__Information provided__:

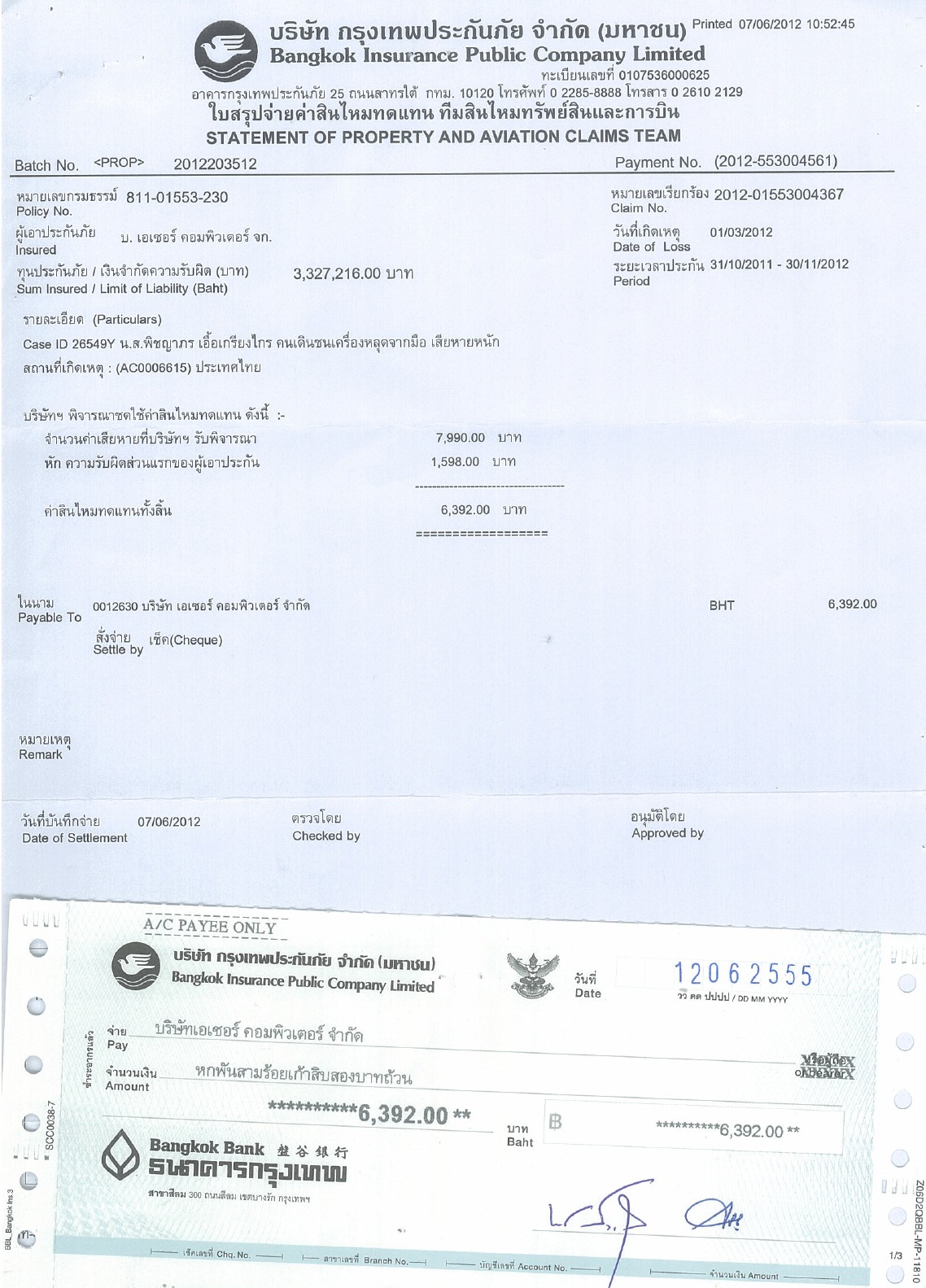 หลังจากเคลมกันเรียบร้อยก็ได้เช็คจากบ.ประกันคืนมา 80% จาก 7990 ก็ได้คือมาที่ 6300 กว่าๆ เมื่อเดือนมิถุนายน 2555 นี้เองครับ เงื่อนไขคือต้องไปซื้อสินค้าของ acer เท่านั้น อะไรก็ได้
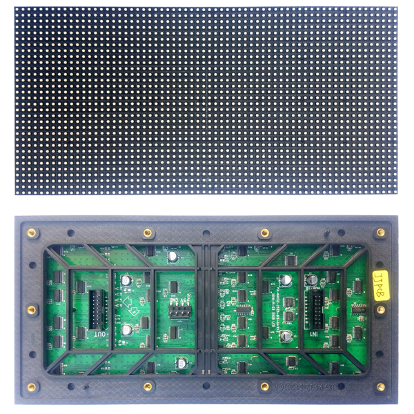 戶外P4全彩led顯示屏采用封裝方式為SMD表貼1921燈珠三合一,主要由紅綠藍三種顏色構成;一平方米有62500個像素點數,每個像素點之間的點間距為4mm;掃描方式為8掃,一平方米的消耗功率大概在500瓦每平方米,新穎面罩設置,顏色混合更均勻,高密度像素使畫質更清晰視角更寬;
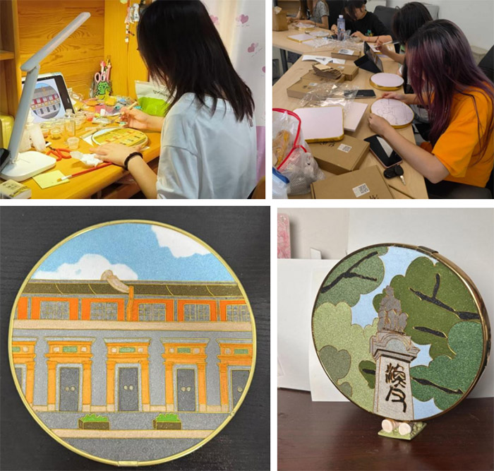 當(dāng)銅絲精準(zhǔn)貼合歷史場景輪廓,彩砂層層暈開先輩熱血色彩,工匠精神與紅色氣節(jié)跨越時(shí)空相擁。制作中,成員們深刻體悟:紅色足跡從不是靜止標(biāo)本,而是代代接續(xù)的情感長卷,青年的誓言正與歷史脈搏同頻共振。此外,我們還錄制掐絲、點(diǎn)藍(lán)工序細(xì)節(jié),將非遺技藝與紅色故事打包成線上“紅色系列”微課堂,讓更多人觸摸非遺溫度、聆聽紅色過往。
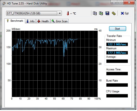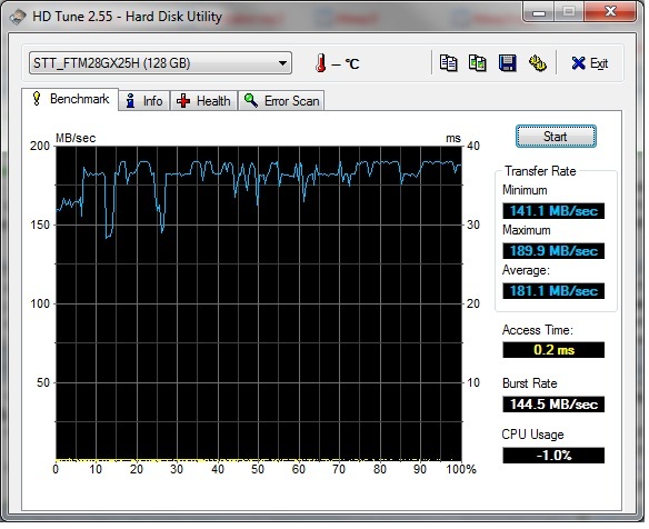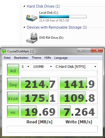 Interessant ist, dass trotz Einsatz in einem Notebook (vermutlich SATA1) Raten über 150MB/s

__Required work__:
Starting from the line that has "當(dāng)銅絲精準(zh" and ending at the last line of the material above, every line should be output exactly; pictures are dropped and nothing else appears.

__Finished task__:
 當(dāng)銅絲精準(zhǔn)貼合歷史場景輪廓,彩砂層層暈開先輩熱血色彩,工匠精神與紅色氣節(jié)跨越時(shí)空相擁。制作中,成員們深刻體悟:紅色足跡從不是靜止標(biāo)本,而是代代接續(xù)的情感長卷,青年的誓言正與歷史脈搏同頻共振。此外,我們還錄制掐絲、點(diǎn)藍(lán)工序細(xì)節(jié),將非遺技藝與紅色故事打包成線上“紅色系列”微課堂,讓更多人觸摸非遺溫度、聆聽紅色過往。
 Interessant ist, dass trotz Einsatz in einem Notebook (vermutlich SATA1) Raten über 150MB/s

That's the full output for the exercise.